The vast majority of babies can be repaired easily soon after birth with a surgery to connect the two ends of the esophagus, while a very few have a more difficult repair because the gap between the two ends is too wide to fix right away-- a condition called Long Gap. Some children struggle with scarring that requires frequent dilations throughout childhood, and many require a G-tube (a surgically inserted tube directly into the stomach from outside the abdomen) in order to eat for the early part of their lives, but most are eventually able to eat by mouth. There are other defects that frequently accompany EA, but the most common is called TEF, or TOF, where a tiny tube (fistula) has grown connecting the lungs and the digestive system. TEFs (the full name is tracheoesophageal fistula) are easily repaired, but like the surgery for EA it requires an open chest surgery called a thoracotomy. But I'm getting ahead of myself. As of March 7, 2011, what you read below is all we knew, and what we finally shared with our family and friends after two months of keeping this worry mostly private. The following paragraphs are assembled from bits and pieces of numerous emails and questions sent to me over that time of first discovering the issue with our unborn child. If you survive this rambling cut-and-pasted post and decide to jump into reading the more fluid story about Audrey's adventure, welcome and thank you for joining us on our journey. If you think you might be facing an EA diagnosis, please keep in mind that every EA child is different. They don't all fit perfectly into the textbook example categories, and no two journeys are exactly the same. Audrey is part of a tiny fraction of the hardest-to-correct type of this birth defect, whereas the majority of EA families deal with fewer long term issues than she. I encourage you to seek out the online parent support group, Bridging the Gap of EA/TEF, where I have found a lot of support and encouragement as we've traveled our path.
March 7, 2011:
Here is a general summary of what we know so far, assembled from emails to family over the past month:
- Baby looks super healthy in every possible way, except that they can't find her stomach. I know it sounds strange, even seemed a bit comical at first, but as ultrasound after ultrasound has continued to confound doctor after doctor, we've been slowly educated on how serious the situation can be. We've now seen three out of the four ultrasound specialists at the hospital. The MDs have spent a long time on the ultrasound, looking deep at a lot of things, and they even took the films to a medical conference to consult a national expert in GI fetal medicine. The good news is that there is absolutely nothing else they can find wrong with her, in any of her systems, meaning that it appears not to be part of another set of serious problems they sometimes see, although they are still watching her heart very closely because it is typical to have a heart defect alongside with this particular anomaly, but so far even that appears perfect. At first they thought her stomach might just be hiding somewhere, like on the other side of her abdomen, but the bigger she gets the less likely that appears.

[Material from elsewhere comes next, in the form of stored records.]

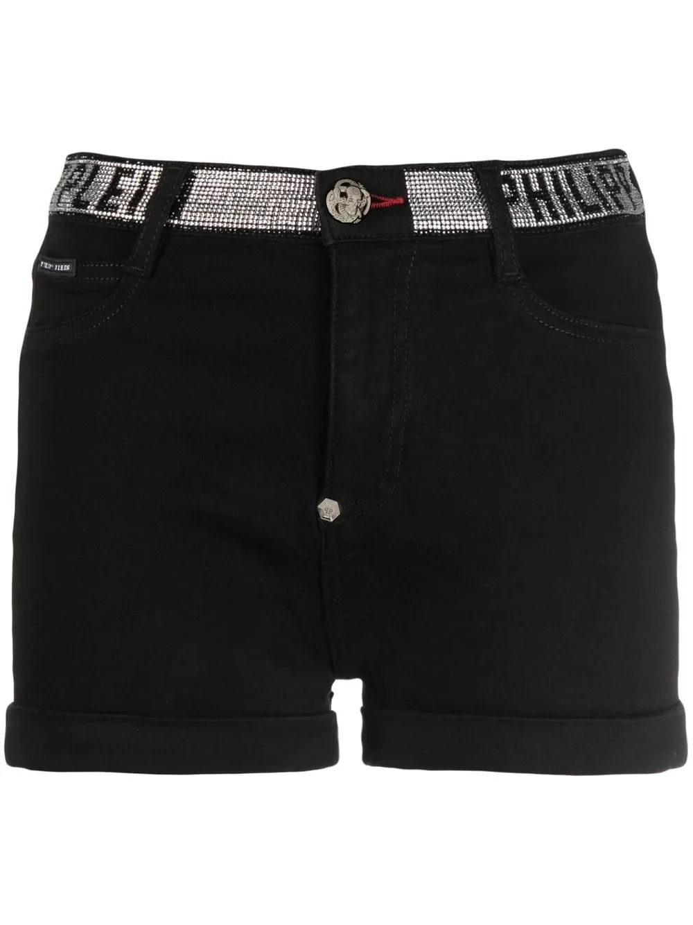 logo-embellished denim shorts Produced in a black denim construction, these Philipp Plein shorts are defined by a bold logo waistband with shimmering crystal embellishment, exhibiting the brand's penchant for extravagant details. Highlights - Black - Stretch-cotton - Crystal embellishment - Logo waistband - Turn-up hem - Belt loops - Classic five pockets - Front button and zip fastening Imported Composition glass 100%, Cotton 92%, Polyester 6%, Spandex/Elastane 2% SIZE & FIT Model measurements Height 5 ft 10 in(1.77 m) Bust/Chest 32.28 in(82 cm) Hips 34.64 in(88 cm) Waist 24.4 in(62 cm) Washing instructions Hand Wash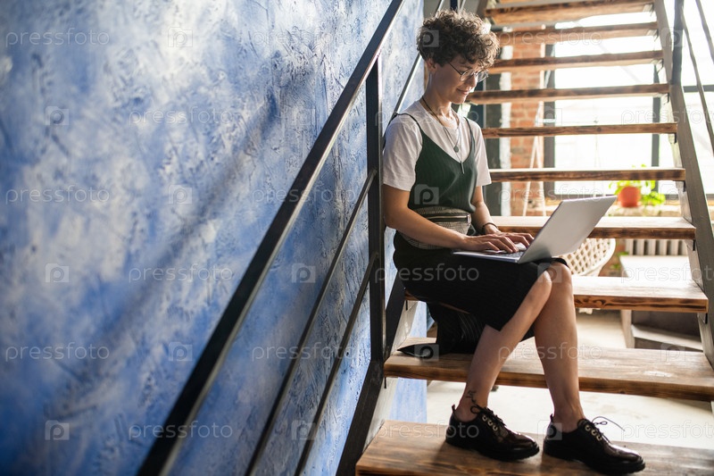Красивая мобильная студентка или сотрудник, сидящая на лестнице с ноутбуком на коленях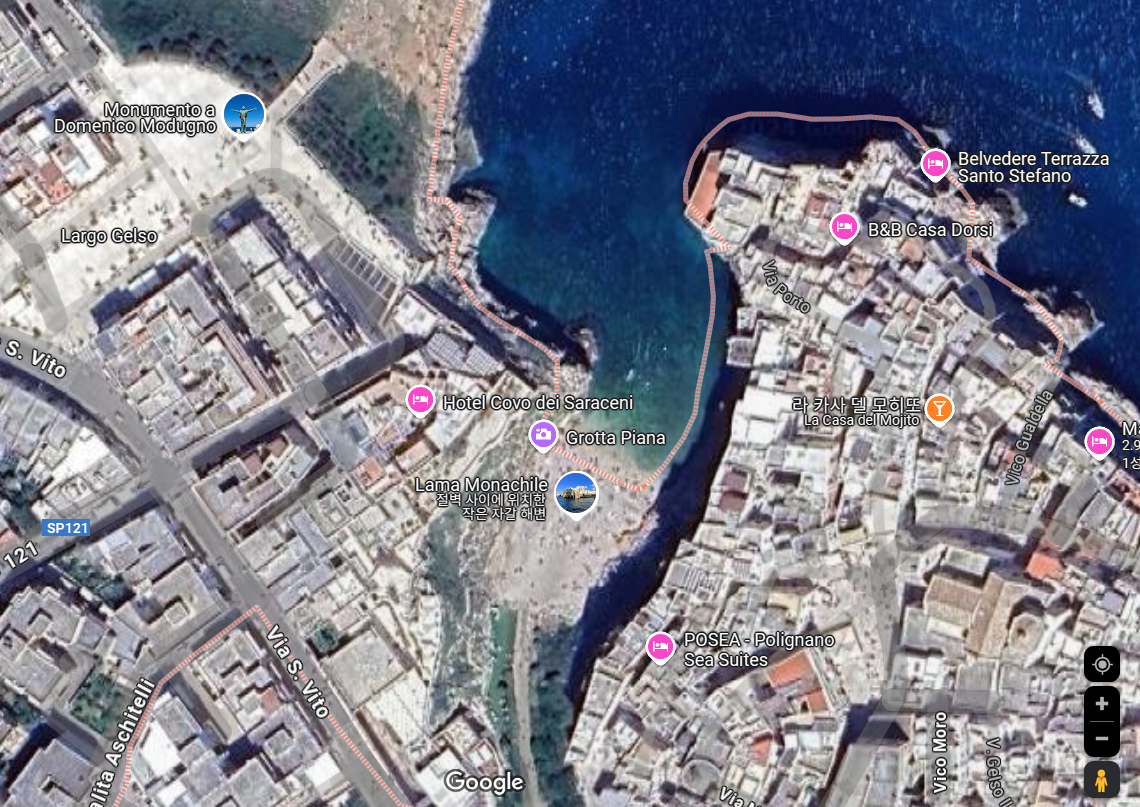 라마 모나칠레 해변 (Lama Monachile) : 멤버들이 수영하며 즐긴 아름다운 해변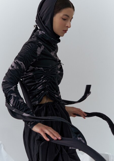 Коллекция состоит из широкого ассортимента предметов одежды — от пальто и брюк до платьев и топов, все они вписываются в общую концепцию, отражая идею сокрытия, заботы и изоляции.

- They said if it absolutely is not there, and if she has a sufficiently long esophagus, they can build her one surgically out of her own intestinal tissue after she is born.... I was excited to learn that she wouldn't be dependent on a donor baby; that would be so sad!

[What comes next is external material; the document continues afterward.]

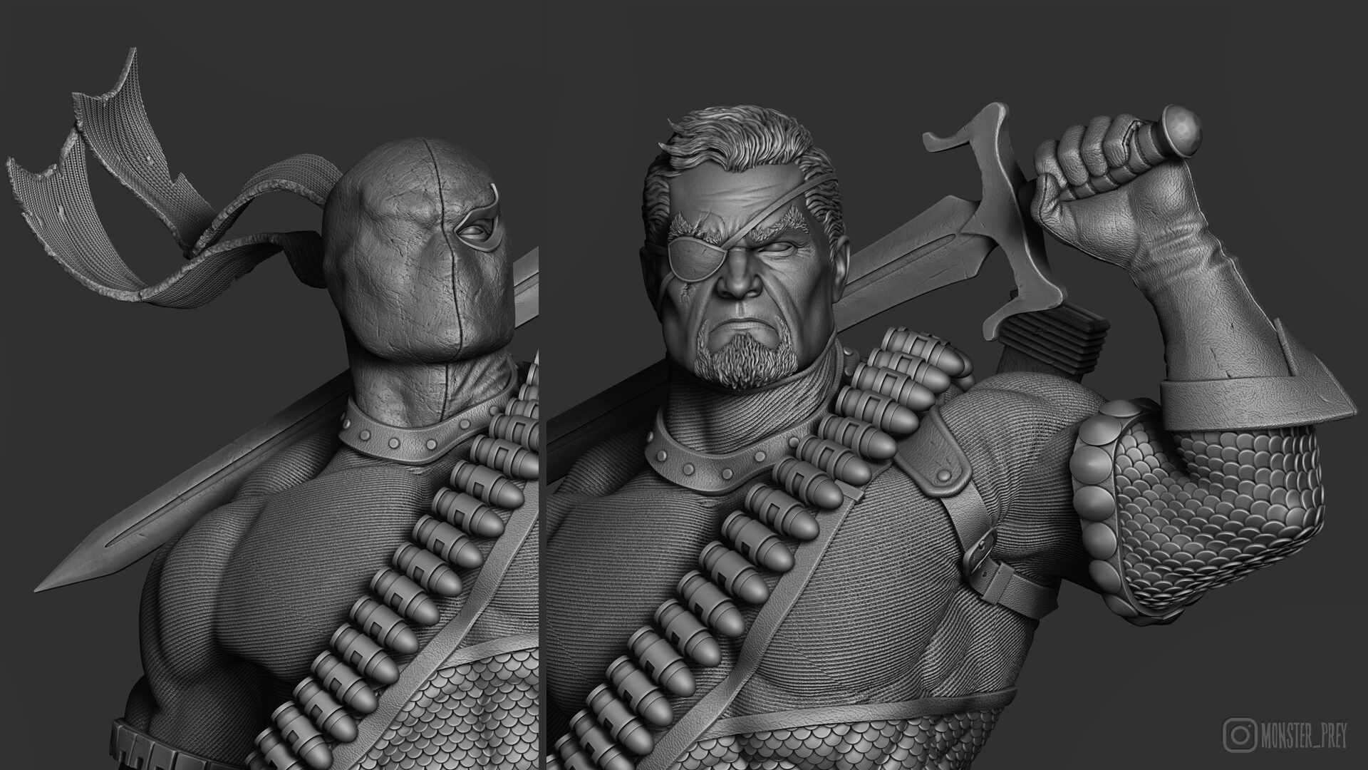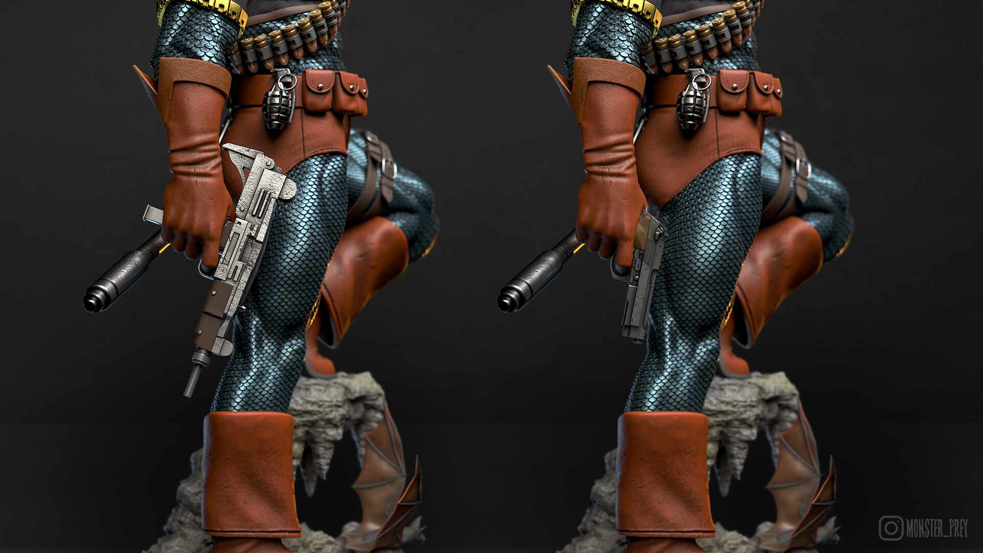 I was inspired to create this sculpture by some fan art I found online, unfortunately, I don’t know the artist’s name. It was a good fit because I wanted to make a statue. I found a lot of Deathstroke action figures online, but almost none in a museum pose. And of course, I paid special attention to his classic costume and equipment. In the old comics, he had a sword, a pistol, and a stick on his belt.

- We had another ultrasound on Monday afternoon February 28th, and the news was both good and bad. Her growth is perfect, her fluid levels are perfect, she's SUPER active, she is even practicing breathing with her little diaphragm which is a sure sign of a very healthy baby. The bad news is, her stomach is definitely not appearing in any of the scans. The doctors leveled with us finally on this, and said it means a number of things: first, that we are almost certainly needing to deliver in Salt Lake at the University hospital, it would be a scheduled induction with the possibility of emergency C-sec, and she is very probably headed for surgery. What makes this case so unique, in fact the only one the doctor has ever seen like this, is that every other possible thing they can inspect via ultrasound looks absolutely perfect. Symptoms like this usually accompany fairly predictable sets of physical issues, and the baby has none of them, no visible heart defect in particular, and no brain or nervous system problems they can perceive after copious inspection. Soft tissues that have no liquid in them are invisible to the machine, however, so they are only able to guess as to how she is getting fluid through her body, which is both a mysterious miracle-- and where the worst news comes in. We're in a waiting game, waiting until she gets bigger before they can see more, but because they don't know how she is getting liquids through her system, it could mean that there is something weird with her breathing system which would make her unable to survive outside the womb. Lungs are normally invisible, as are the trachea etc, so we are all literally in the dark. The MD said essentially, that at this point we just need to be prepared for anything, and particularly she stressed that she did not want to give us false hope, frankly that our baby might only be able to live for a couple of minutes after birth. Further, they don't know whether she would have enough of an esophagus to build off of surgically, and won't know pretty much until she is born. We've been processing this news, and working to have faith and trust in God's plan, whatever that is for her. We've felt your prayers and want to thank you with all of our hearts! Courage and strength are coming into us in waves, and we got a beautiful 3D photo from the ultrasound that shows her beautiful little face, her tiny fist rubbing her eyes, and cute unmistakably (our family) nose. :)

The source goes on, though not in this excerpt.